Every nowhere is somewhere.
David Mitchell, Cloud Atlas (2004)
Mit den Jahren verliert man den Überblick. Mit den Jahren fällt es immer schwerer, sich an all die Menschen zu erinnern, die man bereits in seinem Haus willkommen geheißen, denen man auf der Suche nach einem Welpen ein offenes Ohr und einen Kaffee angeboten hat. Diejenigen, die geblieben sind, hat man freilich in bester Erinnerung, und kann ohne groß nachzudenken auch nach Jahren noch Geschichten über die erste Begegnung erzählen. Aber wie vielen Welpeninteressenten schenkt man als Züchter seine Zeit und Aufmerksamkeit, um nach dem ersten Besuch nie wieder von ihnen zu hören? Manch einer ruft an, schreibt, dass der Zeitpunkt nicht richtig, das Gefühl bei einem anderen Züchter besser oder zu guter Letzt ein Border Collie doch nicht die richtige Rasse gewesen sei. Die meisten verschwinden aber genauso unvermittelt, wie ihre Anfrage im Posteingang lag: Gesichter, an die man sich kaum noch erinnert – ein Teil der Geschichte, der keine eigene Geschichte mehr hat.

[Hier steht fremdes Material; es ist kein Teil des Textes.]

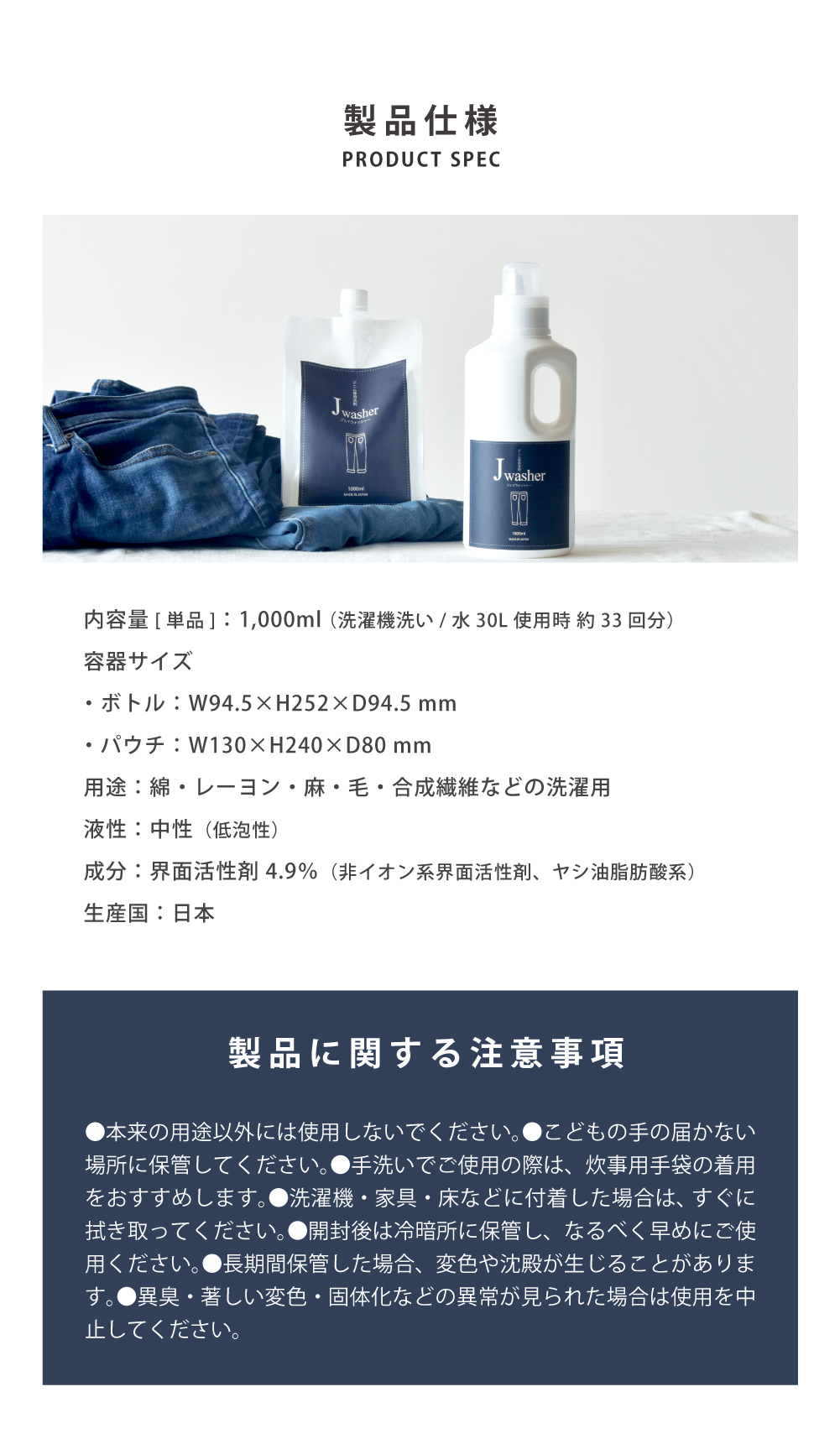 デニム用 洗剤 J-Washer 1000ml | デニム ジーンズ デニムウォッシュ デニム洗い おしゃれ着 色落ちしない 色落ち 防止 衣類 洗濯洗剤 洗濯用洗剤

Susanne und ihre damalige Lebensgefährtin waren vor sieben Jahren die ersten Welpeninteressenten, die wir bei uns begrüßen durften – und auch wenn die Entscheidung damals gegen einen Welpen aus unserer Zucht fiel, erklärt vielleicht der Umstand, dass sie die Ersten waren, warum ich mich auch heute noch lebhaft an diesen Tag erinnern kann. Man könnte nun meinen, dass die beiden – so wie viele andere – danach aus unserem Leben verschwunden wären. Vielleicht wären sie das auch, wenn die Zeit nicht ganz eigene Pläne verfolgt hätte – wenn die Zeit uns nicht insgeheim hätte bedeuten wollen, dass der richtige Welpe erst noch geboren werden, wir selbst noch manche Neugeburt durchleben, uns häuten, den Kokon abstreifen und die Flügel strecken mussten, um bereit zu sein. Es heißt, dass man sich selbst trifft, wenn man nur weit genug reist. Vielleicht trifft man auf dieser Reise aber auch auf ganz andere Dinge. Auf neue Möglichkeiten, neue Menschen, eine neue Liebe. Auf ein ganz neues Leben, vielleicht.
Deins, Fellow. Eures, Susanne. Und alles Glück der Welt.